SPATIAL AND CHEMICAL SURFACE GUIDANCE OF THE CELL IMMUNE FUNCTION

Studying of how different signaling pathways spatially integrate in cells requires selective manipulation and control of different transmembrane ligand-receptor pairs at the same time. In this work, we explored a novel for precisely arranging two arbitrarily chosen ligands in a micron-scale 2D pattern. The approach is based on lithographic patterning of Au and TiO₂ films, following by their selective functionalization with thiolated Ni-NTA and biotinyated phosphonic acid, respectively, and their further biofunctionalization by Ni-NTA/Histidine and Neutravidin/biotin conjugations. We demonstrated the selectivity of chemical and biological functionalizations by XPS and immunofluorescence imaging, respectively.

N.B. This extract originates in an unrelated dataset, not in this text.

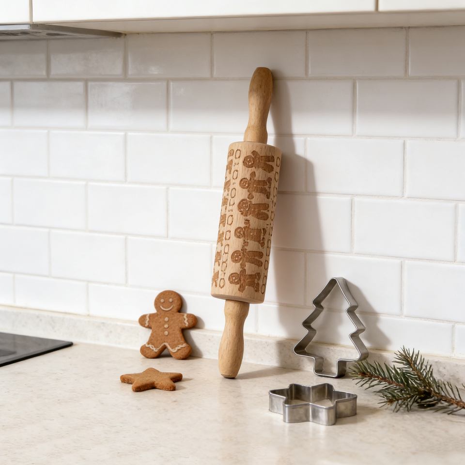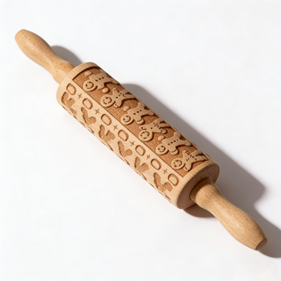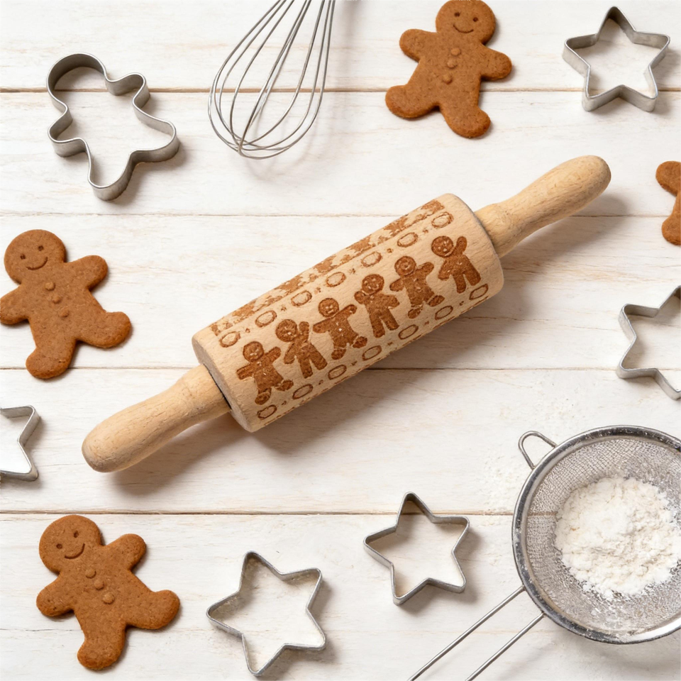 Gingerbread Pattern Pastry Roller Embossed Mini Rolling Pin Kids French Wooden Rolling Pin Baking for Pastry Dumpling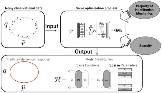 The remainder of this article is organized as follows. In Section 2, we propose a sparse model based on Hamiltonian dynamical systems. For illustration, we also describe the techniques underlying the proposed method: Hamiltonian dynamics and sparse estimation of conventional dynamical systems. Next, the proposed method is described in detail. In Section 3, we present the results of a comparison of the proposed method with two conventional methods that are unconstrained by physical laws to validate our method. First, we compare the estimation results for two systems: the Duffing oscillator and Rayleigh–Bénard convection. Second, we verify the robustness of our method against noise. Concluding remarks are given in Section 4, where the effectiveness of the proposed method is discussed and perspectives for future work are given.

We applied our approach to produce the first of their type bi-functional surfaces with controllably positioned ligands for activating receptors of natural killer (NK) immune cells, and used these NK cells as a model system to demonstrate the potency of our surface in guiding site-selective cell attachment and activation. We demonstrated that upon applying the suitable ligand or ligand-combination, our surfaces guided the appropriate single- or bi-functional attachment and activation. These encouraging results demonstrate the effectiveness of our system as an experimental platform aimed at the comprehensive understanding of the immunological synapse. Furthermore, the great simplicity, modularity and specificity of our approach makes it applicable for myriad of combinations of other biomolecules, turning it to the “swiss knife” of bio-interfaces, with endless potential applications.